Lets start with a small introduction on the Restricted Boltzmann Machine and it's uses. RBMs are undirected graphs (graphical models) belonging to the family of Boltzmann machines, they are used as generative data models (Hinton, 2010). RBMs can be used for data reduction (like PCA) and can also be adjusted for classification purposes (Larochelle et al., 2012). They consist of only two layers of nodes, namely, a hidden layer with hidden nodes and a visible layer consisting of nodes that represent the data. In most applications the visible layer is represented by binary units, in the examples of this Readme we use the pixel values of the MNIST data which are normalized so they lie between 0 and 1. You can see a graphical representation of the RBM below:
Although RBMs belong to the family of Boltzmann Machines; they are not the same as Boltzmann Machines. They are a restricted version of the Boltzmann Machine as the nodes within a layer can only have connections to nodes in a different layer. This seemingly small difference between the Boltzmann Machine and the RBM actually makes for a huge difference. Due to the lack of connections between nodes within the hidden and visible layers the RBM is a complete bipartite graph. Complete bipartite graphs have a nice property, namely, the nodes within a layer are conditionally independent given the other layer. This makes RBMs a lot easier and efficient to train than the original Boltzmann machine. As the nodes within a layer are conditionally independent of each other given the other layer we can sample all the nodes in the hidden layer given the visible layer at the same time and vice-versa. We can do this by performing Gibbs sampling, we set the visible layer to a random data sample and then sample the hidden layer from the visible layer (positive phase) and then reconstruct the visible layer by sampling the visible layer from the hidden layer (negative phase). in theory you repeat this process until the samples are coming from the the same distribution as the data (reach equilibrium). However, in the case of RBMs, Hinton (2002) showed that you only need to run Gibbs sampling for a couple of iterations before adjusting the weights and that this also works well and is a lot faster-this method is called contrastive divergence (CD).
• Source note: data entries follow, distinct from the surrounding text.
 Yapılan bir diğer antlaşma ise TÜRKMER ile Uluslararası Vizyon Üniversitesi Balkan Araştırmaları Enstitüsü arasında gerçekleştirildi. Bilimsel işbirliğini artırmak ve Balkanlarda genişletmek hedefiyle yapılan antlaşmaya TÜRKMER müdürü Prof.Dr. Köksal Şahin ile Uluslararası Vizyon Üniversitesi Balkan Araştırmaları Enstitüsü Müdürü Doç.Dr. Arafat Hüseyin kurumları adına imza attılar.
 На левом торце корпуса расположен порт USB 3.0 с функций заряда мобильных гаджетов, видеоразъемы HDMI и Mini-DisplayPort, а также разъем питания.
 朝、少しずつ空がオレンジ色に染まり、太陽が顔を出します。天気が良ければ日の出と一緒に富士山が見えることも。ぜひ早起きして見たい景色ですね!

In fact, most RBM learning algorithms get great results by only running one iteration of CD (Hinton, 2010) and that is also what I did in the CD function that I wrote.
The actual function that is being minimized with contrastive divergence is the energy of the system. RBMs are energy models and in general a good model has a low energy. The energy is a function of the hidden nodes, weights between the hidden and visible layers and the bias terms (similar to the intercept in regression) of the model. Below is the equation for calculating the energy:
In this equation x stands for the visible nodes, h for the hidden nodes, W are the weights (parameters) of the model, b is the bias of the visible nodes and c is the hidden node bias. Do not worry we will not go into more mathematical detail.
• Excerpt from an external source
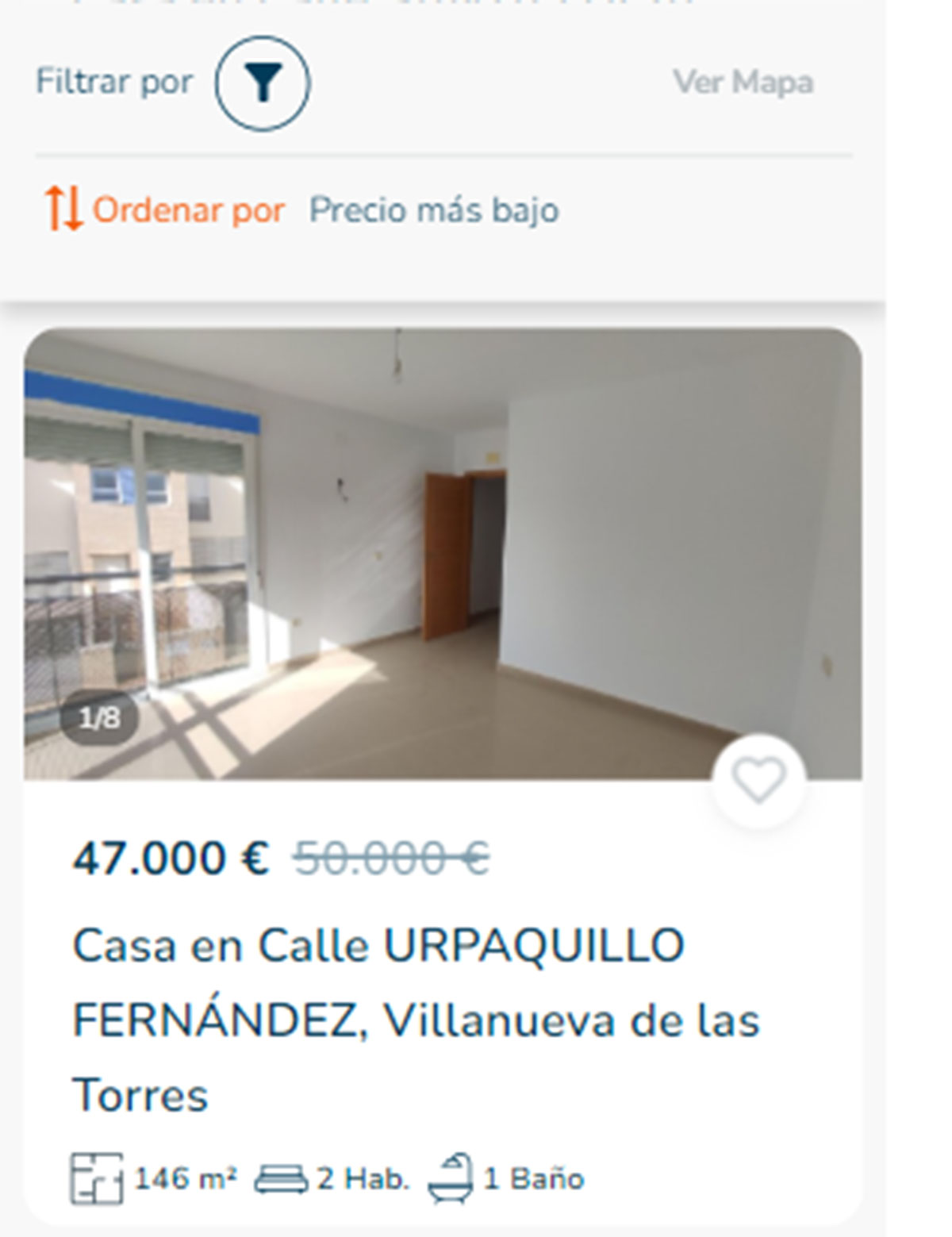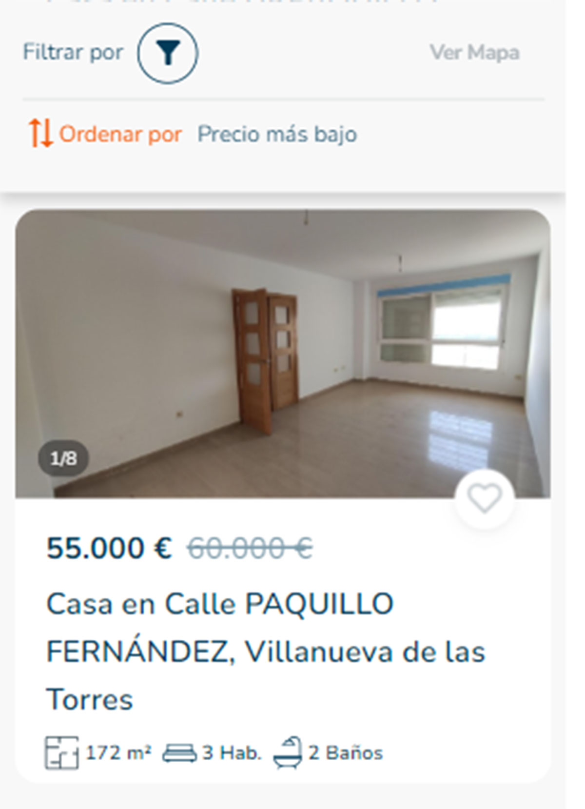 Casa en venta por 55.000 eros en Villanueva de las Torres. Tiene 172 metros cuadrados con tres habitaciones y dos baños.

Enough of all this theoretical gibberish, lets train our own RBM model!
RBM()
After installing the RBM package from Github you can start using the RBM function. I will provide you with a short example of how to use the RBM function. For information about this function and the arguments that it takes you can also just type ?RBM
in your R console.
First start by training your RBM and save it as a model:
# First get the train data from MNIST
train <- MNIST$trainX
# Then fit the model
modelRBM <- RBM(x = train, n.iter = 1000, n.hidden = 100, size.minibatch = 10)
To train a RBM you need to provide the function with train data, which should be a matrix of the shape (samples * features) other parameters have default settings. The number of iterations defines the number of training epochs, at each epoch RBM()
will sample a new minibatch. When you have enough data it is recommended to set the number of iterations to a high value as this will improve your model; the downside is that the function will also take longer to train. The n.hidden argument defines how many hidden nodes the RBM will have and size.minibatch is the number of training samples that will be used at every epoch.
You can also turn the plot
argument on to see what the hidden nodes are learning:
# Turn plot on
RBM(x = train, plot = TRUE, n.iter = 1000, n.hidden = 30, size.minibatch = 10)
I made a gif of the plots so you can see what it should look like:
After training the RBM model you can check how well it reconstructs the data with the ReconstructRBM()
function:
# Get the test data from MNIST
test <- MNIST$testX
# Reconstruct the image with modelRBM
ReconstructRBM(test = test[6, ], model = modelRBM)
The function will then output the original image with the reconstructed image next to it. If the model is any good the reconstructed image should look similar or even better than the original:
Congratulations you trained a good generative model on the MNIST dataset! The model reconstruction looks even more like a three than the original image :)
Lets go on and see if we can train a RBM that is not only good at reconstructing data but can actually make predictions on new data with the classification RBM.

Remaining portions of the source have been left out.